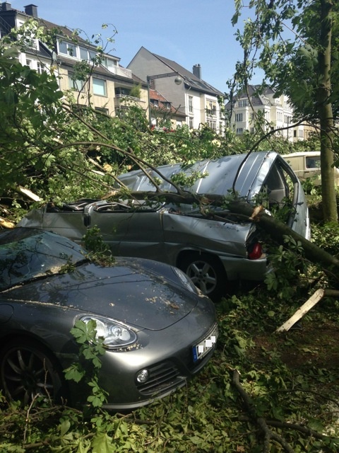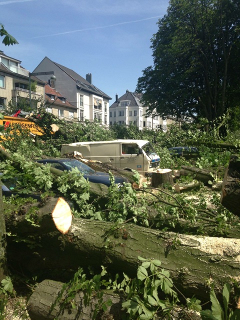 An der Cecilienallee am Düsseldorfer Rheinufer knickten wurden dickste Baumstämme wie Streichhölzer geknickt - Bild: Christian Deussen
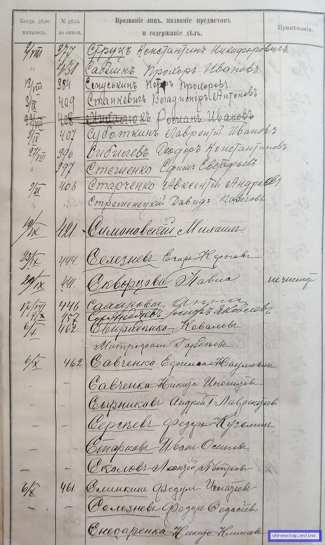 РГИАДВ 704-4-3230, Л.130об (Указатель дел переселенческой части за 1912 год): Сахарова Анна показан со ссылкой на дело (старая опись, нумерация не действительная) №446 от 17.8.1912. Время и место исхода не показано. Снимки: 130об. | ||||
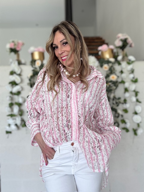 Une chemise rayée en dentelle pour un style résolument glamour et féminin. ✨
--
# Assignment:
All the lines above are to be reproduced exactly, except the pictures.

# Task response:
 An der Cecilienallee am Düsseldorfer Rheinufer knickten wurden dickste Baumstämme wie Streichhölzer geknickt - Bild: Christian Deussen
 РГИАДВ 704-4-3230, Л.130об (Указатель дел переселенческой части за 1912 год): Сахарова Анна показан со ссылкой на дело (старая опись, нумерация не действительная) №446 от 17.8.1912. Время и место исхода не показано. Снимки: 130об. | ||||
 Une chemise rayée en dentelle pour un style résolument glamour et féminin. ✨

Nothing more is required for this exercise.